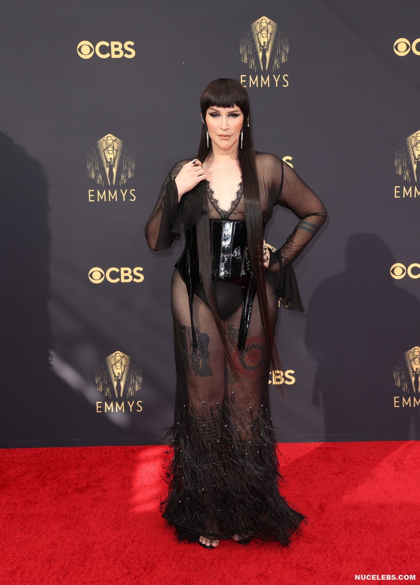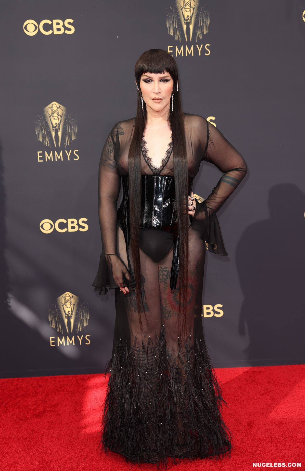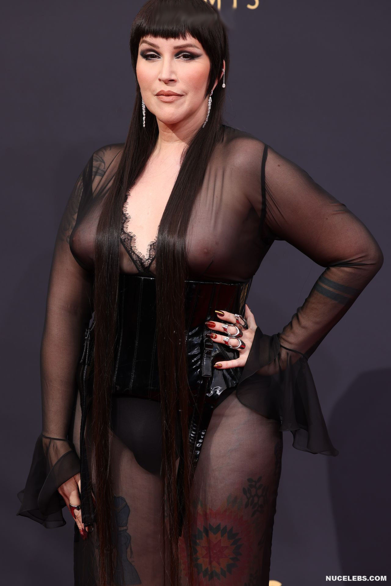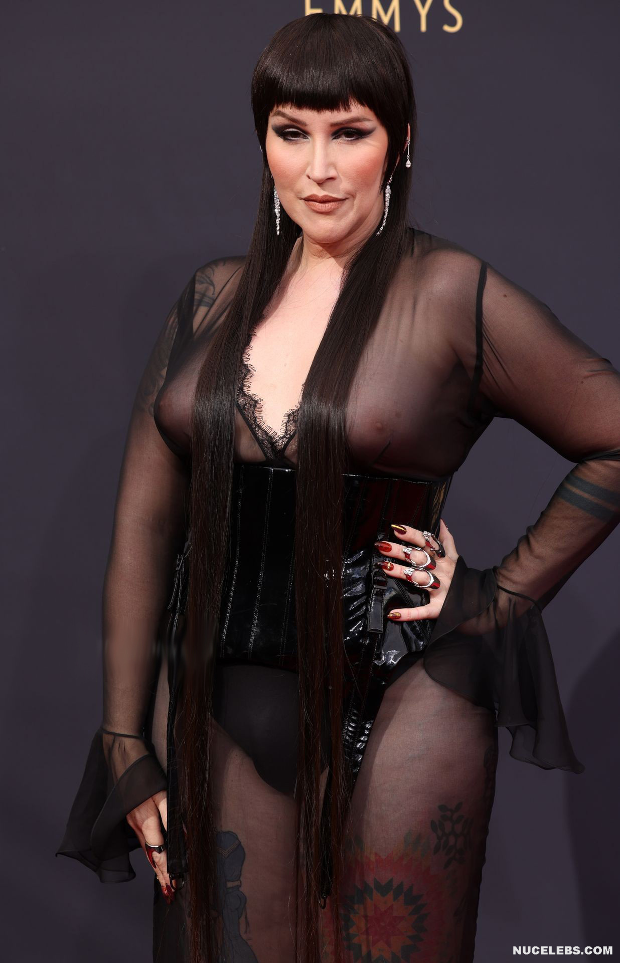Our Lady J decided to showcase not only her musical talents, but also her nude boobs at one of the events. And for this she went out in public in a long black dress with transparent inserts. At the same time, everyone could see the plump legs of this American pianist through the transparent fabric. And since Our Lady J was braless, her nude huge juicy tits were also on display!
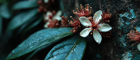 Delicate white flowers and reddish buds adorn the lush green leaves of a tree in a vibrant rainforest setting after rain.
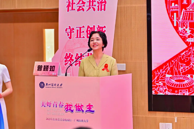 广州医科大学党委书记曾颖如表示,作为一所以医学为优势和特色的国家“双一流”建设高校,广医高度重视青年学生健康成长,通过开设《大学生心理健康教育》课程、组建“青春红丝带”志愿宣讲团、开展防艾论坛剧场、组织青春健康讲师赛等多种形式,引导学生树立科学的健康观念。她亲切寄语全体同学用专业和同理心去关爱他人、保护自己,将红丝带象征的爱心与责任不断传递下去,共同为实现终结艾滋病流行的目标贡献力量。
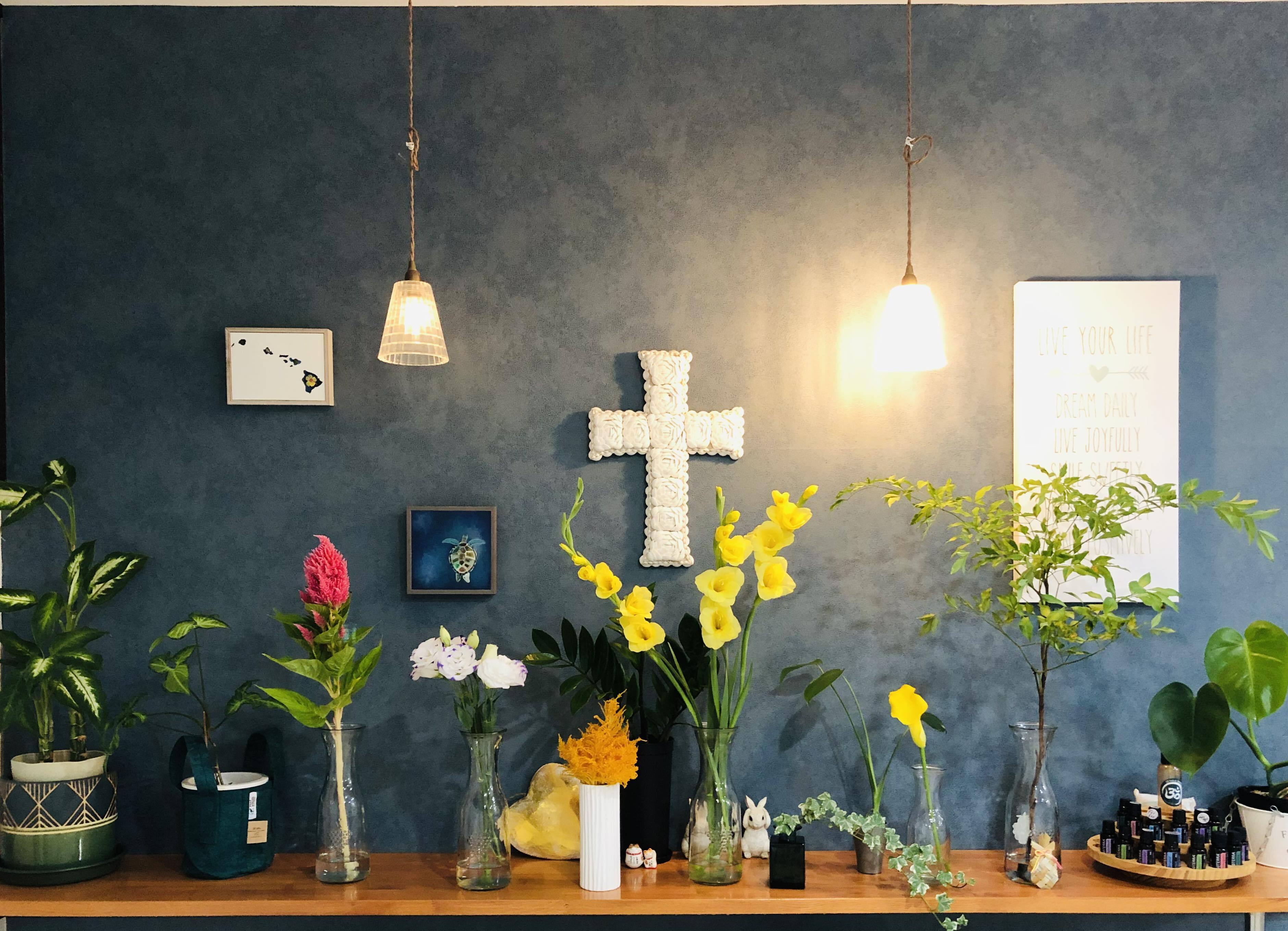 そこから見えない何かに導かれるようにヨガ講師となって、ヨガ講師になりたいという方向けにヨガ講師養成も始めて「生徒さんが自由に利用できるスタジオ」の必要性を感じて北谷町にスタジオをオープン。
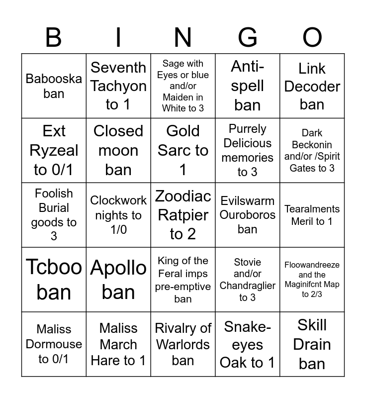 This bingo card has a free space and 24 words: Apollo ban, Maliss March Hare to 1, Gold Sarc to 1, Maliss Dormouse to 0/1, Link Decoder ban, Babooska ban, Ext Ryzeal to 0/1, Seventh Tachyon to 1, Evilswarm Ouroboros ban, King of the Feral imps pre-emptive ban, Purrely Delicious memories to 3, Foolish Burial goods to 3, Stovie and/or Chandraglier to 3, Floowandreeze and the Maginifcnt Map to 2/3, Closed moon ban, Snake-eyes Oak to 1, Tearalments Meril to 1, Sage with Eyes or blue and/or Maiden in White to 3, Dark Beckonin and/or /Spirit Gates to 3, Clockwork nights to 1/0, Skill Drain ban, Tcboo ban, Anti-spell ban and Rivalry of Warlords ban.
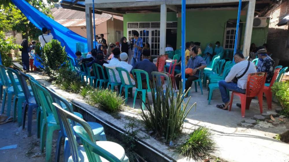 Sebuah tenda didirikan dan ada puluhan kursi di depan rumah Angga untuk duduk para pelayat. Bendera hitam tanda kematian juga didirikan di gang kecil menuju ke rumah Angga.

* * * * * * *

• **About this exercise**
Leaving images out, please output every line of the data exactly.

• **Answer to this task**
Our Lady J decided to showcase not only her musical talents, but also her nude boobs at one of the events. And for this she went out in public in a long black dress with transparent inserts. At the same time, everyone could see the plump legs of this American pianist through the transparent fabric. And since Our Lady J was braless, her nude huge juicy tits were also on display!
 Delicate white flowers and reddish buds adorn the lush green leaves of a tree in a vibrant rainforest setting after rain.
 广州医科大学党委书记曾颖如表示,作为一所以医学为优势和特色的国家“双一流”建设高校,广医高度重视青年学生健康成长,通过开设《大学生心理健康教育》课程、组建“青春红丝带”志愿宣讲团、开展防艾论坛剧场、组织青春健康讲师赛等多种形式,引导学生树立科学的健康观念。她亲切寄语全体同学用专业和同理心去关爱他人、保护自己,将红丝带象征的爱心与责任不断传递下去,共同为实现终结艾滋病流行的目标贡献力量。
 そこから見えない何かに導かれるようにヨガ講師となって、ヨガ講師になりたいという方向けにヨガ講師養成も始めて「生徒さんが自由に利用できるスタジオ」の必要性を感じて北谷町にスタジオをオープン。
 This bingo card has a free space and 24 words: Apollo ban, Maliss March Hare to 1, Gold Sarc to 1, Maliss Dormouse to 0/1, Link Decoder ban, Babooska ban, Ext Ryzeal to 0/1, Seventh Tachyon to 1, Evilswarm Ouroboros ban, King of the Feral imps pre-emptive ban, Purrely Delicious memories to 3, Foolish Burial goods to 3, Stovie and/or Chandraglier to 3, Floowandreeze and the Maginifcnt Map to 2/3, Closed moon ban, Snake-eyes Oak to 1, Tearalments Meril to 1, Sage with Eyes or blue and/or Maiden in White to 3, Dark Beckonin and/or /Spirit Gates to 3, Clockwork nights to 1/0, Skill Drain ban, Tcboo ban, Anti-spell ban and Rivalry of Warlords ban.
 Sebuah tenda didirikan dan ada puluhan kursi di depan rumah Angga untuk duduk para pelayat. Bendera hitam tanda kematian juga didirikan di gang kecil menuju ke rumah Angga.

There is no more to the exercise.